→ Given material:

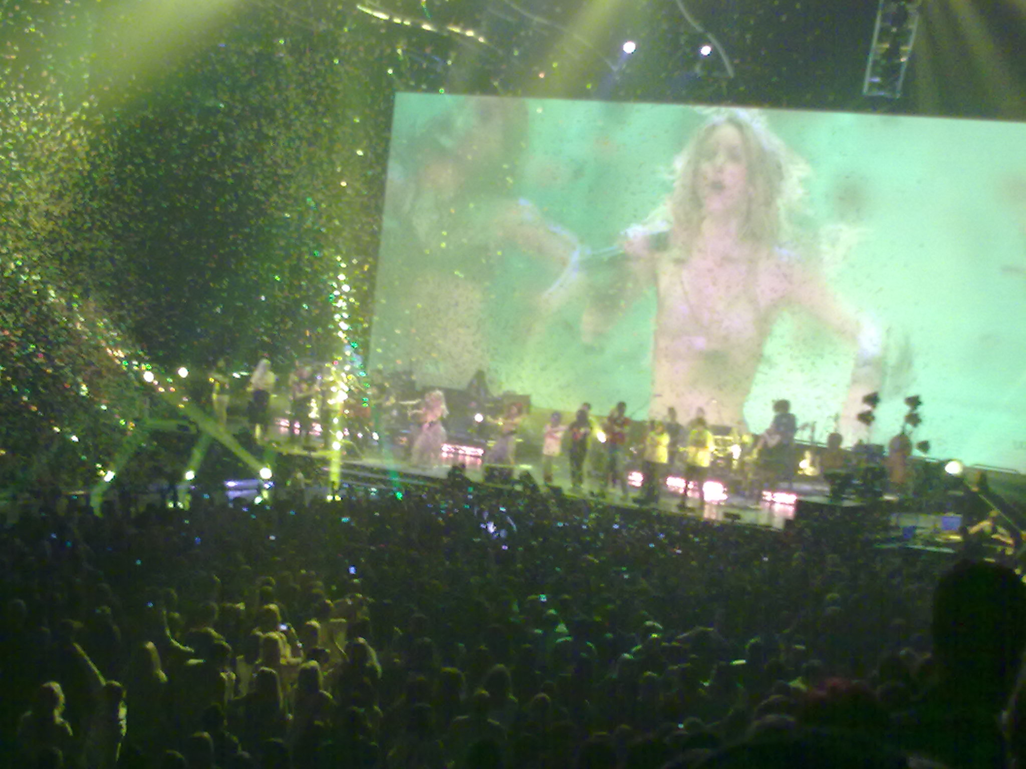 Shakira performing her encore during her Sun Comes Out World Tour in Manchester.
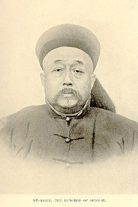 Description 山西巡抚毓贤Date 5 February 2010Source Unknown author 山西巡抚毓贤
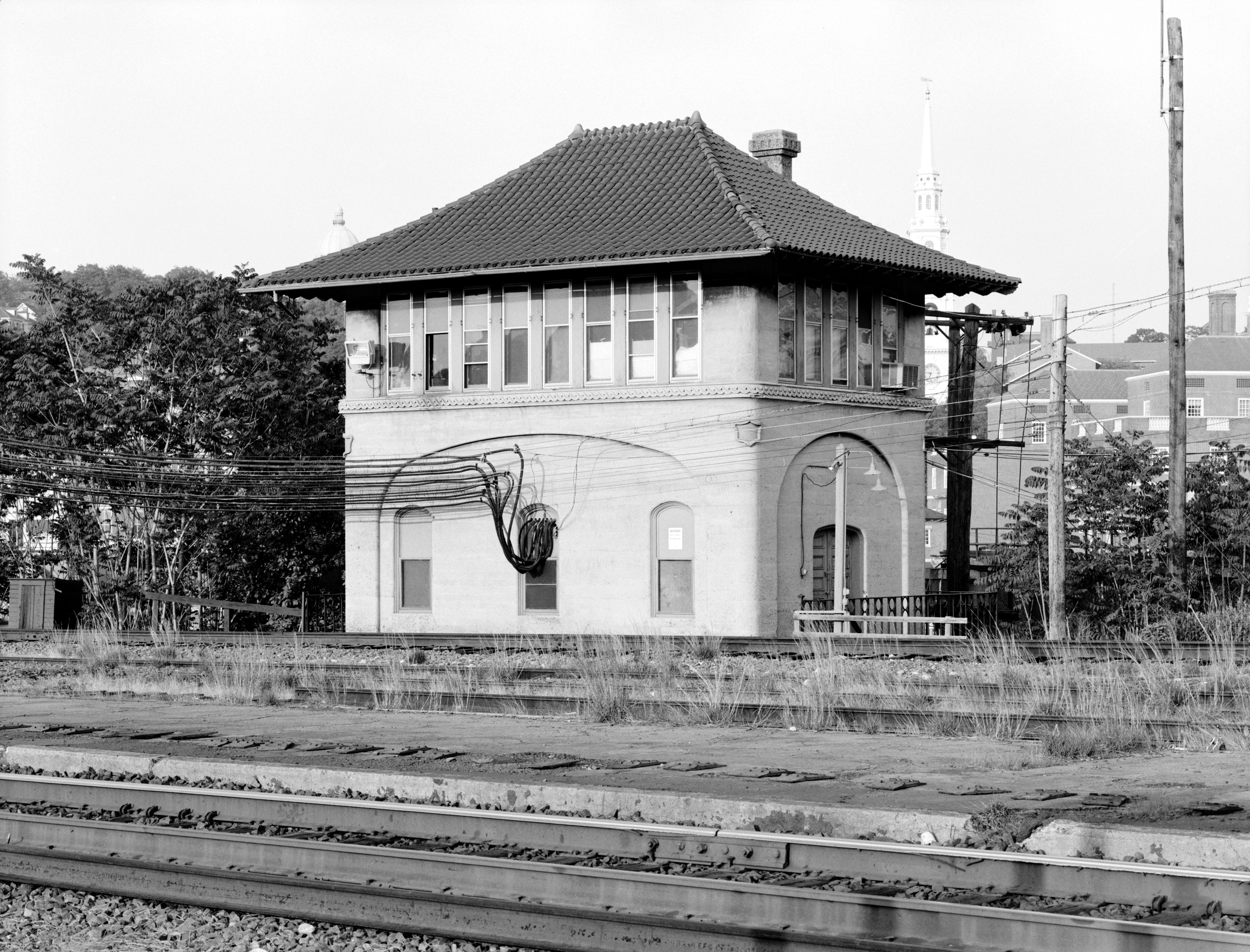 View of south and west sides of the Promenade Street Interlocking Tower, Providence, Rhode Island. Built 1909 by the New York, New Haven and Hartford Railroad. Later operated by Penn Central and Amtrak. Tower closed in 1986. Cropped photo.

→ About this exercise:
Every line from the one with "Description 山西巡抚毓贤Date 5" through the last line of the material gets printed exactly, and nothing more. Omit the pictures.

→ Written reply:
 Description 山西巡抚毓贤Date 5 February 2010Source Unknown author 山西巡抚毓贤
 View of south and west sides of the Promenade Street Interlocking Tower, Providence, Rhode Island. Built 1909 by the New York, New Haven and Hartford Railroad. Later operated by Penn Central and Amtrak. Tower closed in 1986. Cropped photo.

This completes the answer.